What Is Depreciation: Definition, Types, and Calculation
Fixed assets like buildings, vehicles, rental properties, commercial properties, and production equipment all decline over time. Depreciation is an accounting method used to calculate the decrease in value of a fixed asset while it’s used in a company’s revenue-generating operations.
After an asset is purchased, a company determines its useful life and salvage value (if any). Then, the asset cost is depreciated over time based on its useful life.
Understanding depreciation is important for getting the most out of your assets at tax time. You can claim depreciation to reduce your total taxable income, saving you money on your taxes.
Measuring depreciation is important as it allocates the cost of an asset over the periods that the company benefited from its use (matching revenues and expenses). We’ll explore different ways to calculate steady and accelerated depreciation so you can measure depreciation on different types of assets. We’ll also take a look at how depreciation relates to taxation and accounting, what assets you can claim for depreciation, and common causes of asset depreciation.
Key Takeaways
- Depreciation is the decline in book value of an asset over its usable life.
- You can claim depreciation as a tax deduction to reduce your total taxable income.
- You can only claim depreciation on assets that you own and use exclusively for business purposes.
- There are different methods to calculate steady depreciation and accelerated depreciation.
- The most common cause of depreciation is wear and tear.
Table of Contents
- What Is Depreciation?
- Depreciation and Taxation
- Depreciation Practices in Accounting
- Which Assets Can You Depreciate?
- What Is a Depreciation Schedule?
- How To Calculate Depreciation?
- What Are the Causes of Depreciation?
- Conclusion
- Frequently Asked Questions
What Is Depreciation?
Depreciation is the decline in the book value of a fixed asset over time.

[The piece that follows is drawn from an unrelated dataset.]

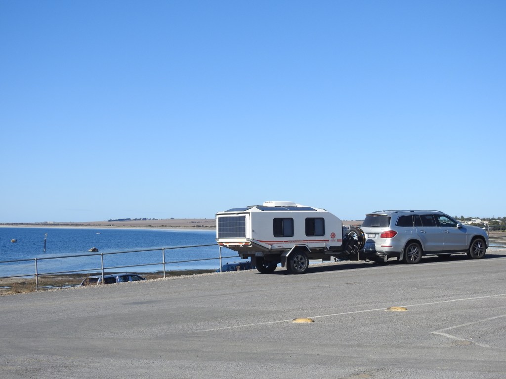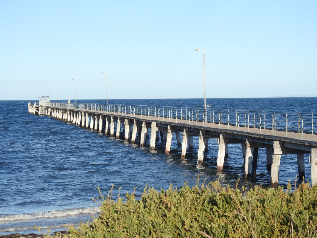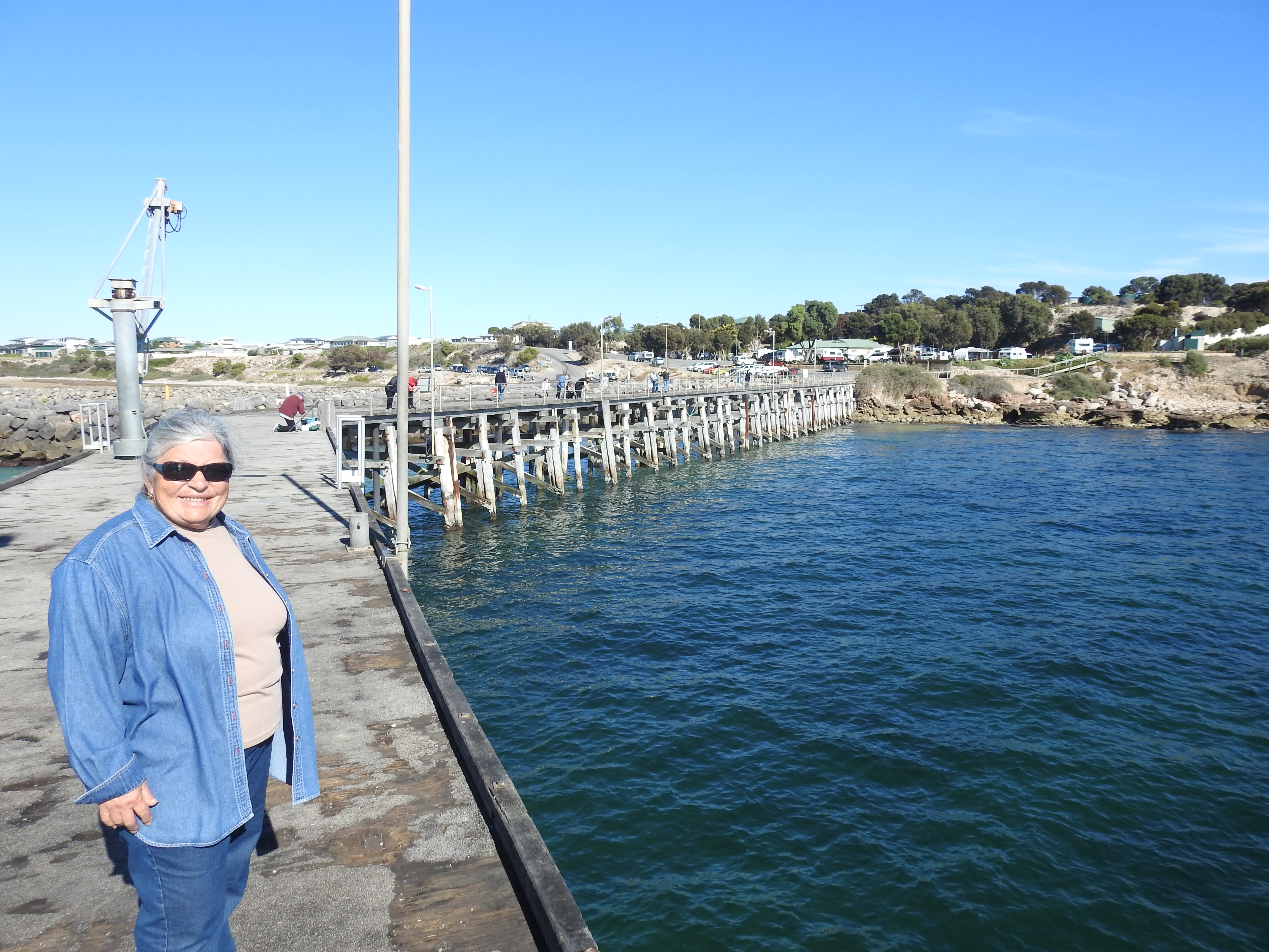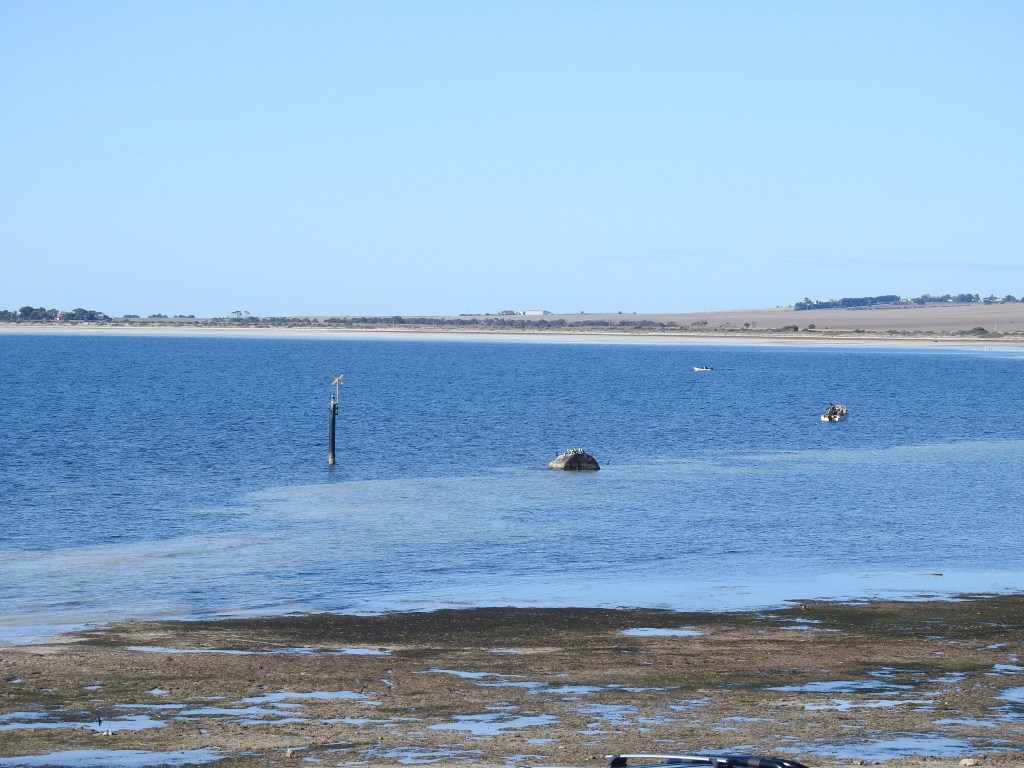 Driving south from Minlaton we took it easy, around 80km/hr along very straight & good roads. On either side vast empty paddocks, that (hopeful) will soon have barley or wheat growing in them. It is very dry here, could do with some of the rain from the East coast. It is a pleasant drive & before long we reach Point Turton, a beautiful little town (I mean very small). We drive along the ocean front road with great views out over Spencer Gulf. As we pull up at the Point Turton wharf we spot Peter & Di setting up the van in the caravan park next door so we wander over & have a brief chat & Garth is there as well, set up in a prime position looking out over the sea. Next we walk down to the wharf & walk out along it, chatting to the fishermen & fisherwomen as we walk, they are having mixed success. We are surprised at the number of houses in this small locality, most with great ocean views.

When you have a fixed asset like a vehicle, building, or piece of equipment, these things will naturally suffer some wear and tear over time. Depreciation measures the economic effect of this wear and tear and allows you to allocate that change in value over the asset’s usable life.
Depreciation continues over the useful life of the asset. In some cases, an asset may decline in value at a steady rate, while others may decline more rapidly in years where they see heavier use.
Depreciation and Taxation
Understanding depreciation is important for calculating its impact on your taxes. When the value of a fixed asset declines, you can claim that depreciation as a tax deduction for your business. This helps reduce your total taxable income.

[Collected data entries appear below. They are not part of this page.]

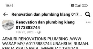 0173119302 renovation Dan plumbing Ukay Bistari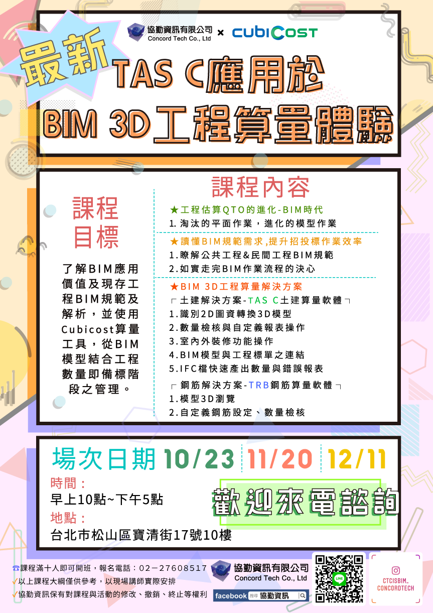 2019-Q3 最新TASC應用於BIM工程算量一日體驗 |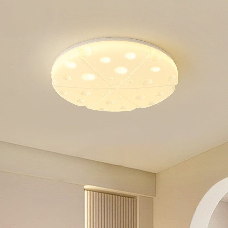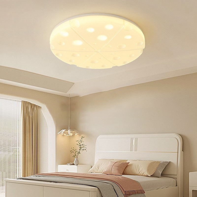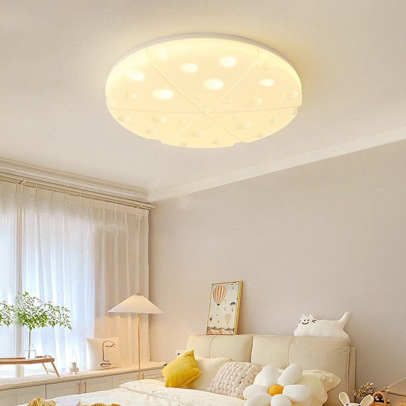 Modern Art Deco Cheese Round Dome Iron Rotational Molding LED Flush Mount Ceiling Light For Bedroom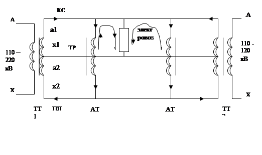 АТ подключают к КС и ПП через разъединители. Средний вывод АТ присоединяют к средней точке дроссель – трансформатора. АТП оборудованы короткозамыкателями (КЗ), на который воздействует защита АТ. Отключается АТ при отсутствии напряжения в КС. Отключение одного АТ не нарушает движение поездов, а только несколько снижается напряжение КС и увеличивается нагрузка смежных АТ (рис. 5).
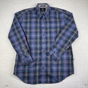 Viyella Mens shirt Tartan plaid Blue / Red / Grey Preppy dress shirt Sz L Read
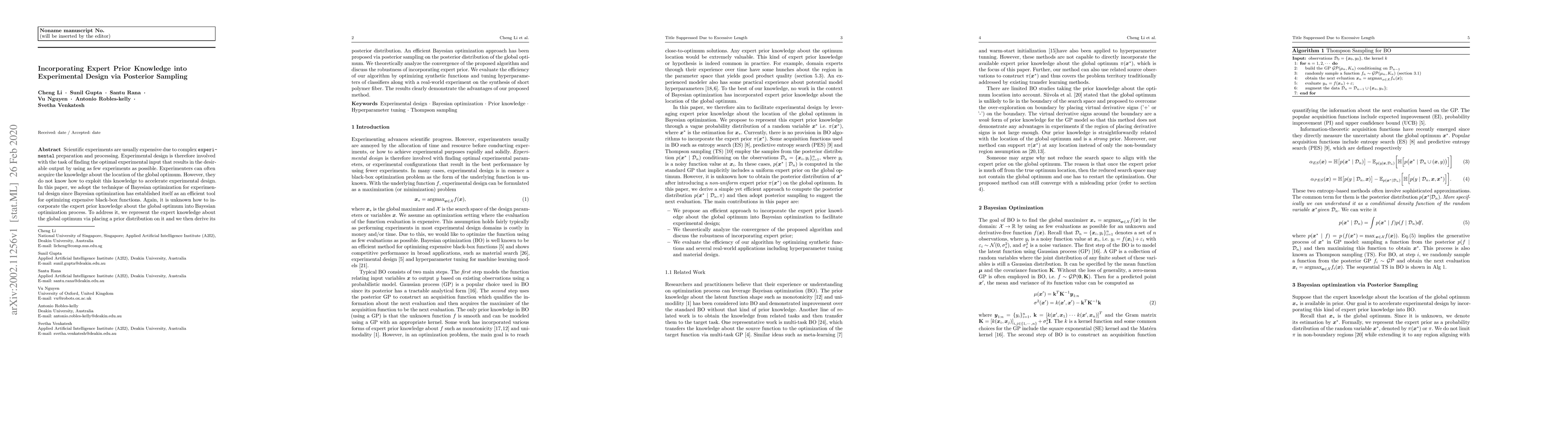 This paper proposes a Bayesian optimization method to incorporate expert prior knowledge into experimental design, aiming to find optimal experimental inputs with minimal experiments. The method involves placing a prior distribution on expert knowledge and using posterior sampling to efficiently optimize expensive black-box functions, demonstrating improved performance through synthetic and real-world experiments.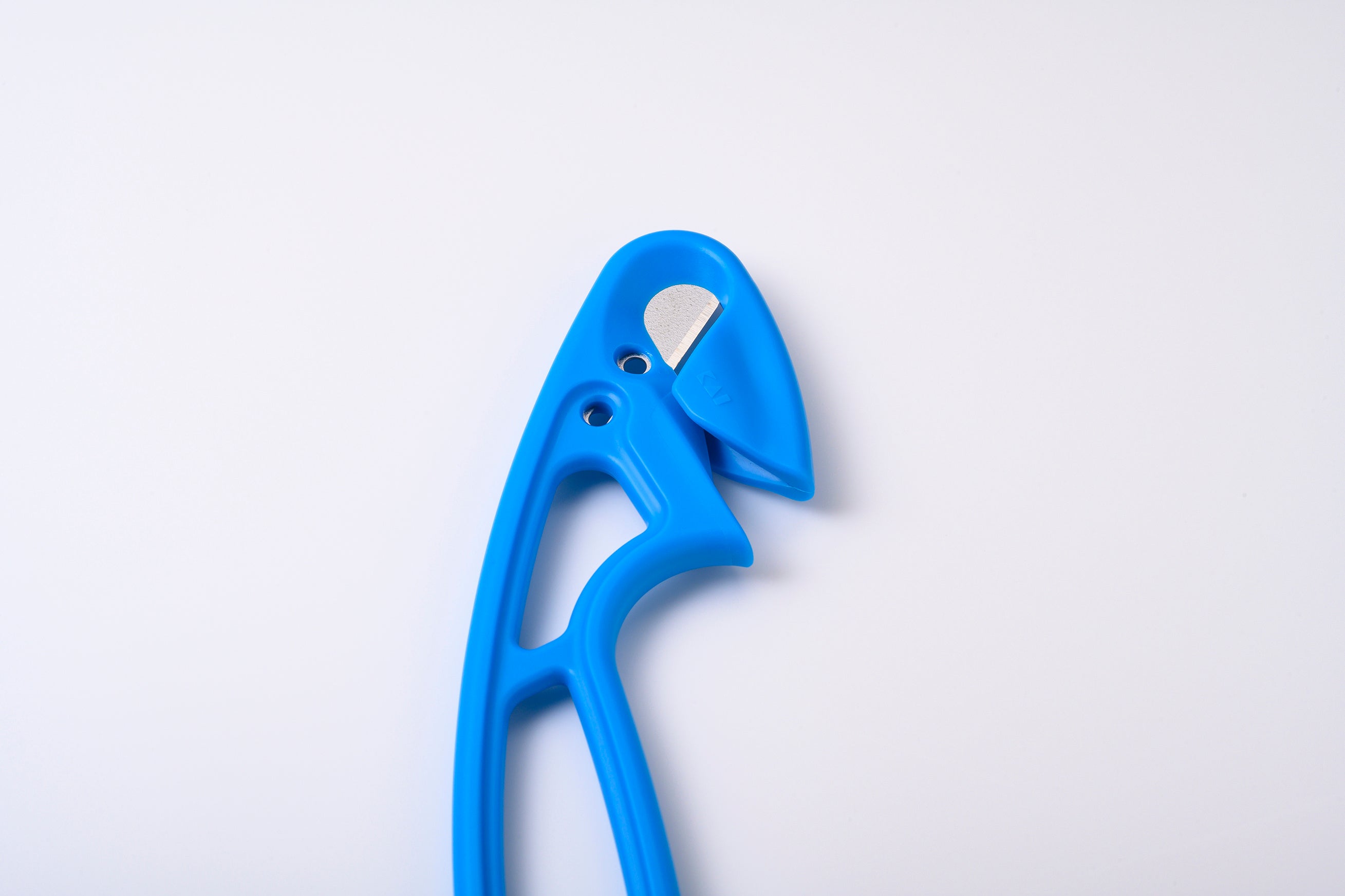 2020年に受賞した異物混入対策スリットナイフに対し、本製品は袋を立てた状態で開封する必要のある容器に向けた提案である。握ってみるとしっくりと安定して把持でき、刃の侵入角や構造なども良く練られている。仔細に見ると最小限の資材で合理的に設計されている事が分かり、丁寧な検討の積み重ねを感じる。
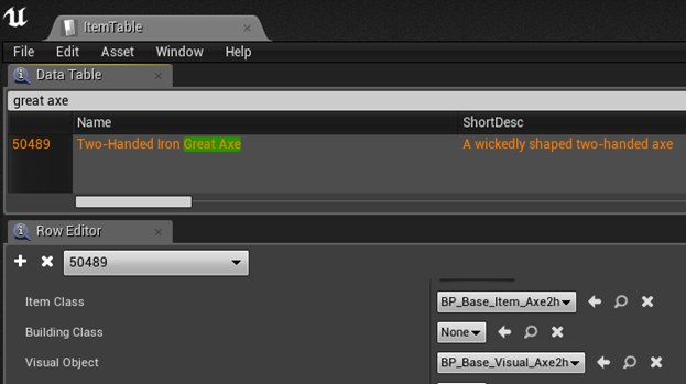 Worth noting is that you should always make a blueprint the child of a pre-existing blueprint. In the example to the right, the basic blueprint is "BP_Base_Visual_Axe2h", and so if we wanted to make a special axe that glows in the dark, we should make a child of this blueprint and add our functionality in that one.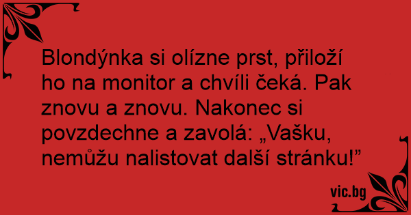 Blondýnka si olízne prst, přiloží hо na monitor a chvíli čeká. Pak znovu a znovu. Nakonec si povzdechne a zavolá: „Vašku, nemůžu nalistovat další stránku!”

There are several rules for the tax purposes when claiming depreciation as a deduction: 1
- The asset must be property that you own
- The asset must be used for your business to produce income
- You need to be able to determine the useful life of the asset
- The asset’s useful life must be longer than 1 year
You can start calculating depreciation when the fixed asset is placed in service, meaning it is ready for use in your business, even if you haven’t started using it yet. For example, if you buy a machine for your company, you can begin calculating depreciation when it arrives on site the same year, even if you don’t use it until the next year.
Depreciation ends when the asset reaches the end of its usable life or when you sell it.

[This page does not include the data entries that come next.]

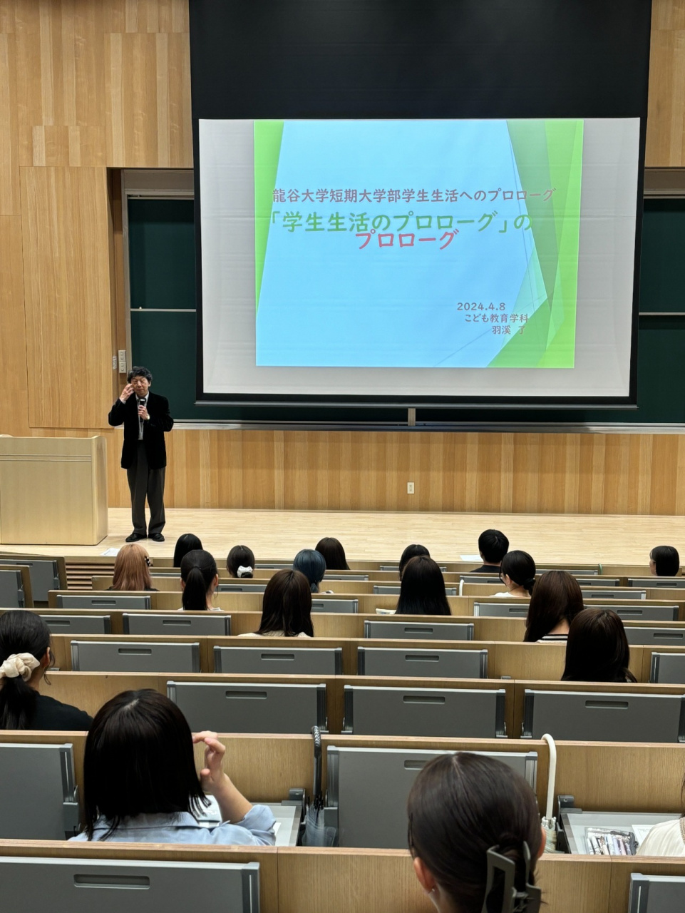 4月1日(月)晴れやかに入学した短期大学部社会福祉学科・こども教育学科の新入学生は、数日間の各種オリエンテーションに臨みました。4月8日(月)には、学外講師および学部教員による講演「学生生活へのプロローグ 京都で学生生活をおくる~その一つの視点~」が催されました。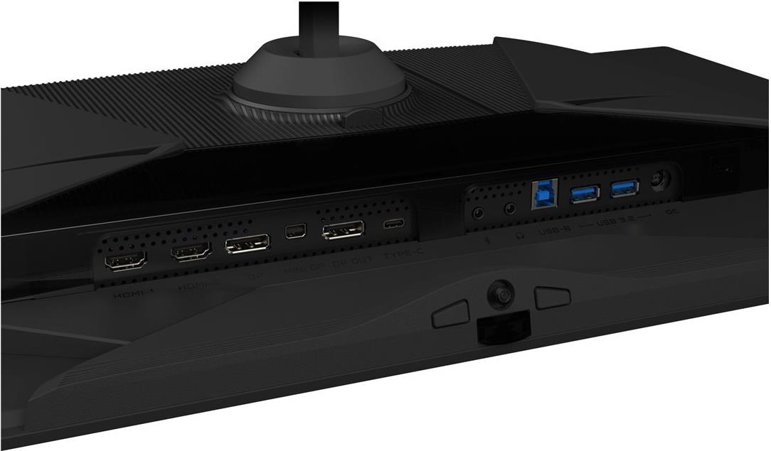 1x Mini DisplayPort 2.1 UHBR20, 2x HDMI 2.1, 1x DisplayPort-Out 1.4, 1x DisplayPort 2.1 UHBR20, 1x USB-C 3.0 mit DisplayPort 2.1 (Upstream, 5Gb/?s, PD 65W), 1x USB-B 3.0 (Upstream, 5Gb/?s), 2x USB-A 3.0 (Downstream, 5Gb/?s), 1x 3.5mm Klinke (Line-Out), 1x 3.5mm Klinke (Line-In), 1x DC-In Hohlbuchse (Netzanschluss) |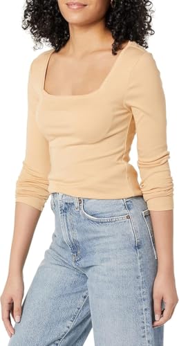 Amazon Essentials Women's Slim-Fit Long Sleeve Square Neck T-Shirt, Light Camel, X-Large

Depreciation Practices in Accounting
In accounting, depreciation is recorded as an expense that gradually reduces the book value of an asset. Since an asset benefits your business over an extended period, this expense is recorded over time to allocate the asset’s cost over the periods it benefited the company.
Depreciation isn’t an asset or a liability itself—it’s a method used to measure the change in the carrying value of a fixed asset. It’s recorded as a contra-asset under the assets section of your balance sheet. You’ll usually record annual depreciation so you can measure how much to claim in a given year, as well as accumulated depreciation so you can measure the total change in value of the asset to date.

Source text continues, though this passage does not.